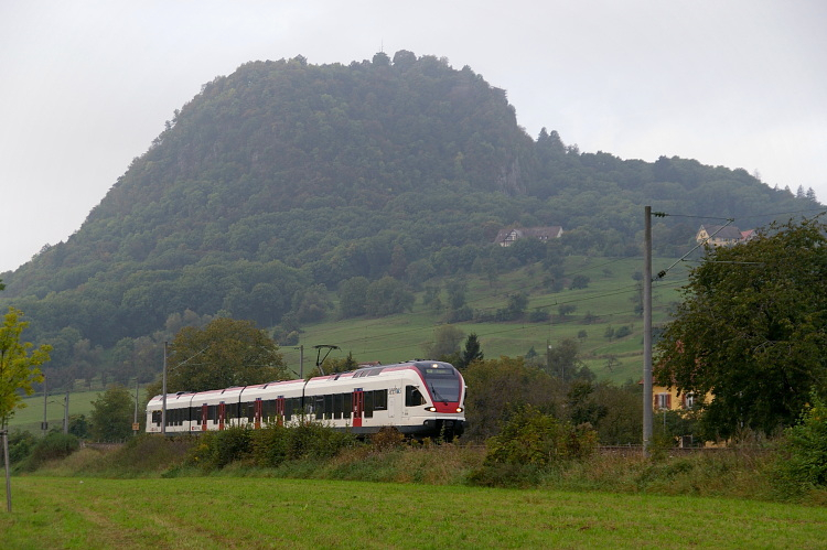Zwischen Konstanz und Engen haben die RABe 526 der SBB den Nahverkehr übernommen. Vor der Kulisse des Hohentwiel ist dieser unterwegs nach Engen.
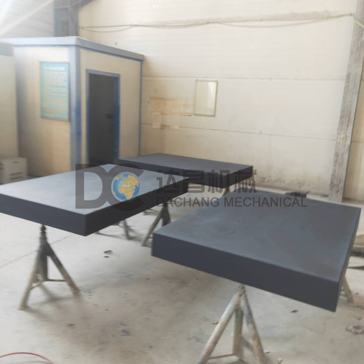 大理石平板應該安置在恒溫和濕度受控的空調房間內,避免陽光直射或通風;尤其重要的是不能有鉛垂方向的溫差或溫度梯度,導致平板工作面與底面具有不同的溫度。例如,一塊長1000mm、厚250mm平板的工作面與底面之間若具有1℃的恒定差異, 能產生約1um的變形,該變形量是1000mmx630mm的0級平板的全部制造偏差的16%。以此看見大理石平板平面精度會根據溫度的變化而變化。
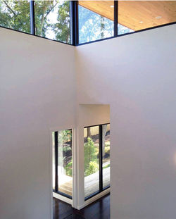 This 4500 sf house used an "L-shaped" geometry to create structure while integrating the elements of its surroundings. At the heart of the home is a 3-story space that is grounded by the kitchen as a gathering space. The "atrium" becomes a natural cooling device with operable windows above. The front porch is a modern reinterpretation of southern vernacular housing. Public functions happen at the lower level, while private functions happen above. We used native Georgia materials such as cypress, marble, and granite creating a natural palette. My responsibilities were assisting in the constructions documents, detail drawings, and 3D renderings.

* * *

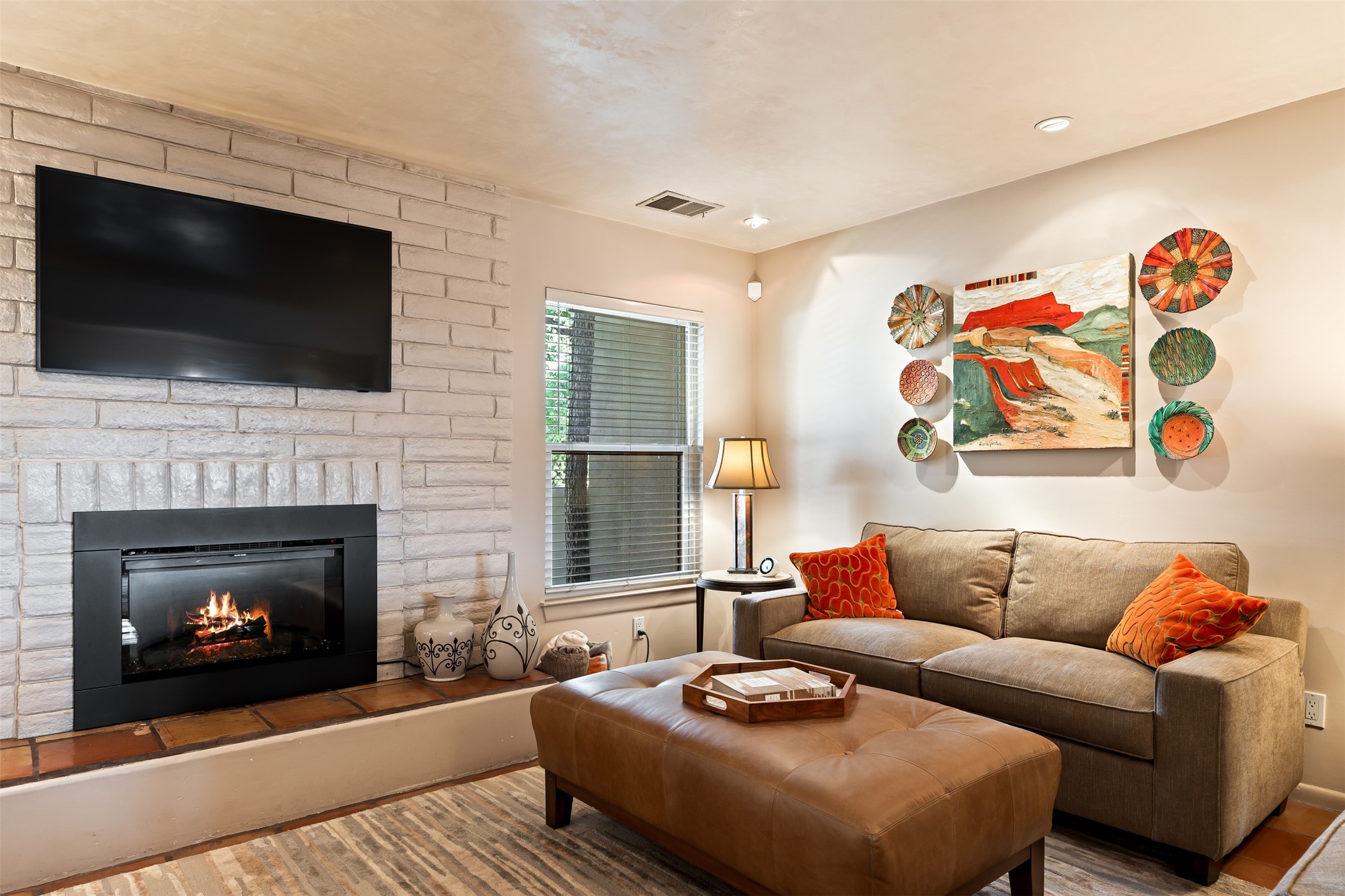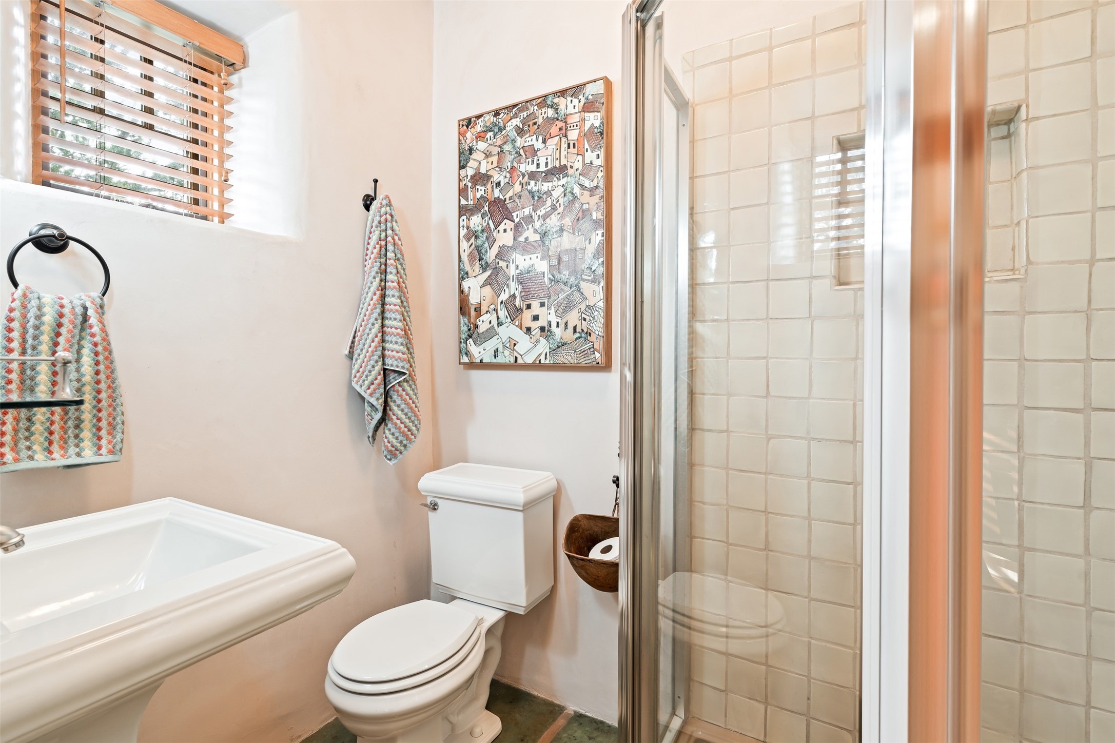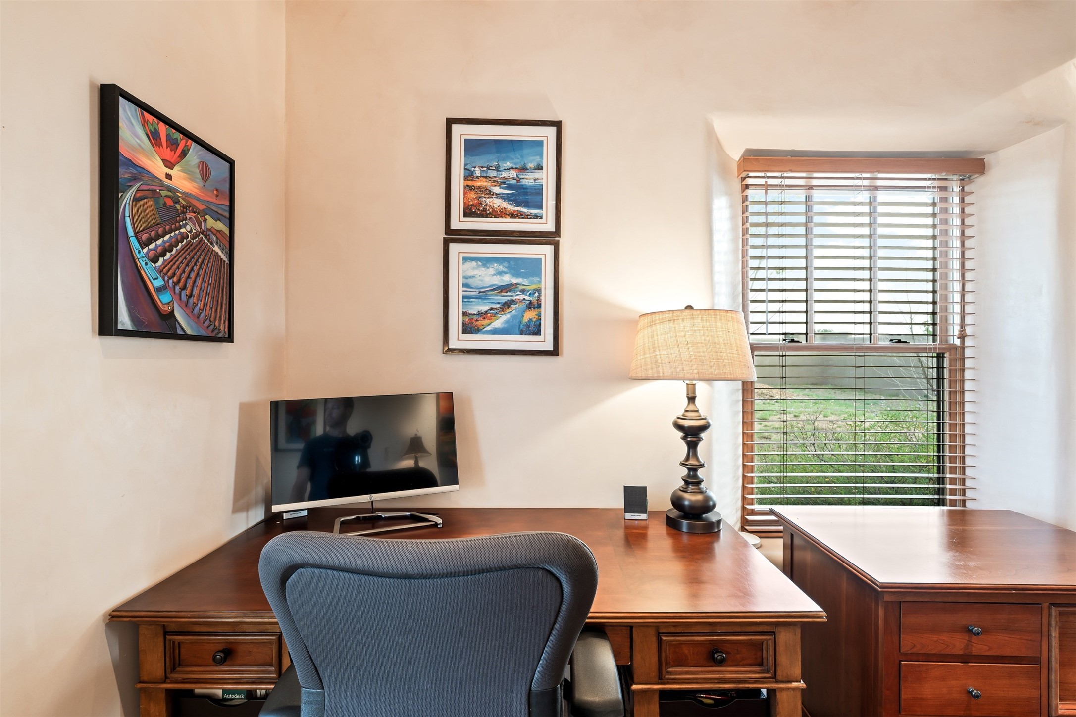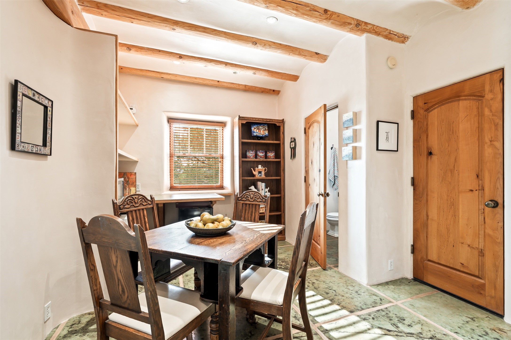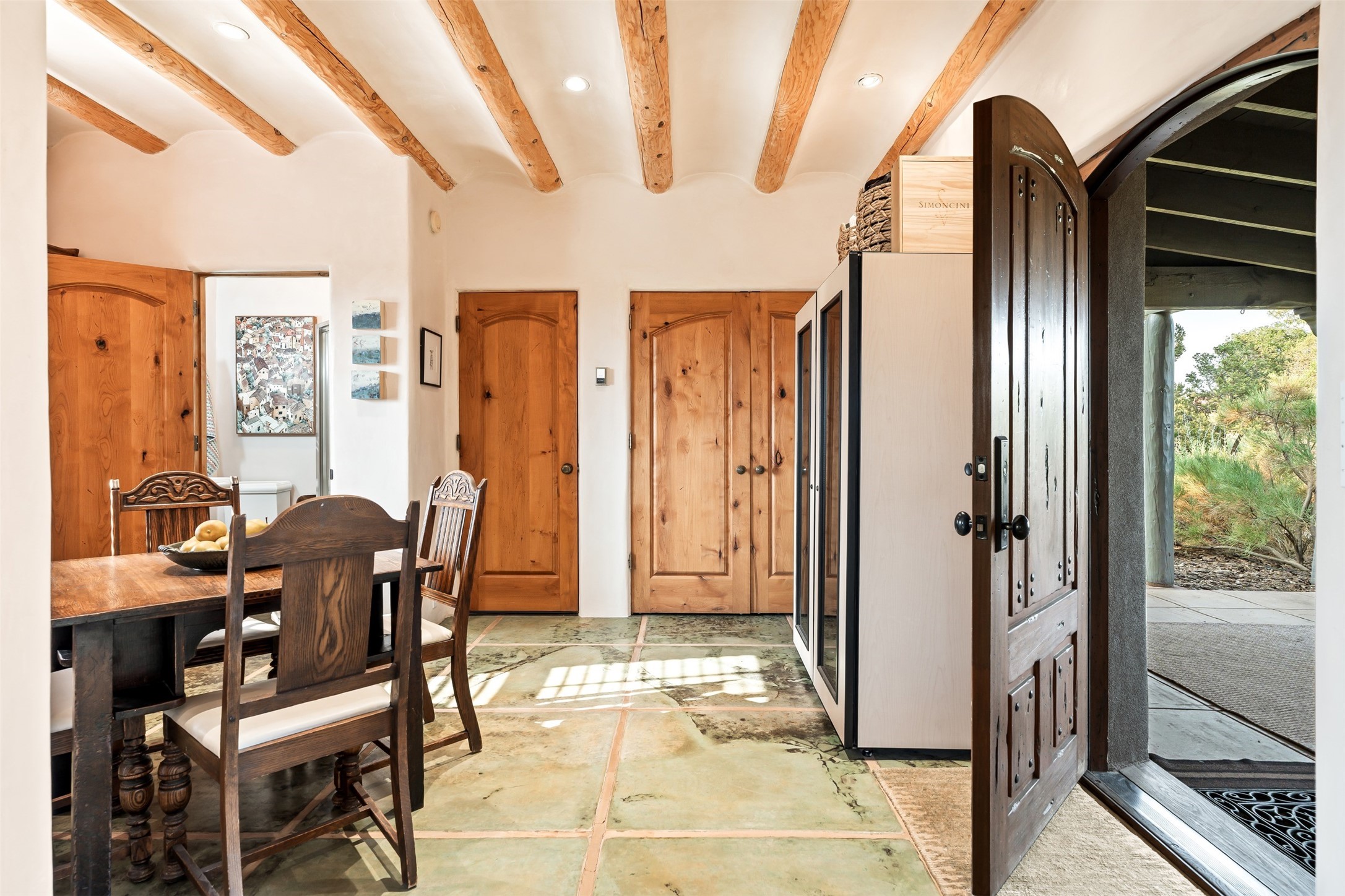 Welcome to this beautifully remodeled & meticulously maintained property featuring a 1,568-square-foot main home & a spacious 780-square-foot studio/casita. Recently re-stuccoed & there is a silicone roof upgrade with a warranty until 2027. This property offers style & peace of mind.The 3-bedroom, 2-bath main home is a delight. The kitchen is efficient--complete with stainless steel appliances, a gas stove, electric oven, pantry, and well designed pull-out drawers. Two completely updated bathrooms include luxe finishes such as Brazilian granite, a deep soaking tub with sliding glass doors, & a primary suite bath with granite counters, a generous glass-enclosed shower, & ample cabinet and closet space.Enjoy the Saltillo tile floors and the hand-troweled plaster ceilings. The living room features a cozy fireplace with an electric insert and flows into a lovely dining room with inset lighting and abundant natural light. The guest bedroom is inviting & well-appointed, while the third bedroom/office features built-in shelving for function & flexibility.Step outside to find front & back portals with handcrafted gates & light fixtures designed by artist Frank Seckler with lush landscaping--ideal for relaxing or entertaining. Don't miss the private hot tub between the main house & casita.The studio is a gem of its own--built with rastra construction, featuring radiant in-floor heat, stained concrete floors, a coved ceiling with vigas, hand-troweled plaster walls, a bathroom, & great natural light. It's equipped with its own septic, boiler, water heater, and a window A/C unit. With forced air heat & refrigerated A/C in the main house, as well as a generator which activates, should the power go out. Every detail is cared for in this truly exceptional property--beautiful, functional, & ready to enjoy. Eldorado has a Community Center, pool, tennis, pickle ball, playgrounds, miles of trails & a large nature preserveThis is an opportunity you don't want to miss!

* * *

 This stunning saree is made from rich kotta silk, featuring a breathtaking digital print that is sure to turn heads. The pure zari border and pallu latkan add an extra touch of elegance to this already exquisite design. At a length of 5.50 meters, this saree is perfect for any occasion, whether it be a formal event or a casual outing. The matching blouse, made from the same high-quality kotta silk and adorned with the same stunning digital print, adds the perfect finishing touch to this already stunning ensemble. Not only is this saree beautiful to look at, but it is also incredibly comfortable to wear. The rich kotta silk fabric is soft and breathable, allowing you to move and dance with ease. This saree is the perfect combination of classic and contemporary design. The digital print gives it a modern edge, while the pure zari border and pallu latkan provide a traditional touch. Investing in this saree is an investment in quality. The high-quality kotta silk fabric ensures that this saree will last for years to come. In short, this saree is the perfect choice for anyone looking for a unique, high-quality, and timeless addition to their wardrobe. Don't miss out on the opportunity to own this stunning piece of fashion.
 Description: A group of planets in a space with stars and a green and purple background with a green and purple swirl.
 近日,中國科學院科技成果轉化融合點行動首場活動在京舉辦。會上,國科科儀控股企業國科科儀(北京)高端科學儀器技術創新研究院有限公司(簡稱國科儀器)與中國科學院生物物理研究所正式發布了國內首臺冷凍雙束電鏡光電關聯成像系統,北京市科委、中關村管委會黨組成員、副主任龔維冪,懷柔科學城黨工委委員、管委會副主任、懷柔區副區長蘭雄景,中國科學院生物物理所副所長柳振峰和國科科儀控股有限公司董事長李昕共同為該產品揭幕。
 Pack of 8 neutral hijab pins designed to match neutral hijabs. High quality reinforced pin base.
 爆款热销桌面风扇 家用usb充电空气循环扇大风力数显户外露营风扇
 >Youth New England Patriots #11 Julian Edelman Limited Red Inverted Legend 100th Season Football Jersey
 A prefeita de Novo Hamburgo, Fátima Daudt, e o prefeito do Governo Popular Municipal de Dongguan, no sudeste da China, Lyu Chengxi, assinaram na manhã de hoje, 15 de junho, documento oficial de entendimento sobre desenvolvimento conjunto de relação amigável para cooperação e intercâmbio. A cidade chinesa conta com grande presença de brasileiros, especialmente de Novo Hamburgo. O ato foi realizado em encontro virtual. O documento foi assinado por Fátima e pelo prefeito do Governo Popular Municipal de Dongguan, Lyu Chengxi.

Task statement :: After locating the line with "近日,中國科學院科技成果轉化" in the material above, return it and each line after it exactly, ending at the line with "爆款热销桌面风扇 家用usb充电空气循环扇大风力数显户外露营风扇".

Exercise output ::
 近日,中國科學院科技成果轉化融合點行動首場活動在京舉辦。會上,國科科儀控股企業國科科儀(北京)高端科學儀器技術創新研究院有限公司(簡稱國科儀器)與中國科學院生物物理研究所正式發布了國內首臺冷凍雙束電鏡光電關聯成像系統,北京市科委、中關村管委會黨組成員、副主任龔維冪,懷柔科學城黨工委委員、管委會副主任、懷柔區副區長蘭雄景,中國科學院生物物理所副所長柳振峰和國科科儀控股有限公司董事長李昕共同為該產品揭幕。
 Pack of 8 neutral hijab pins designed to match neutral hijabs. High quality reinforced pin base.
 爆款热销桌面风扇 家用usb充电空气循环扇大风力数显户外露营风扇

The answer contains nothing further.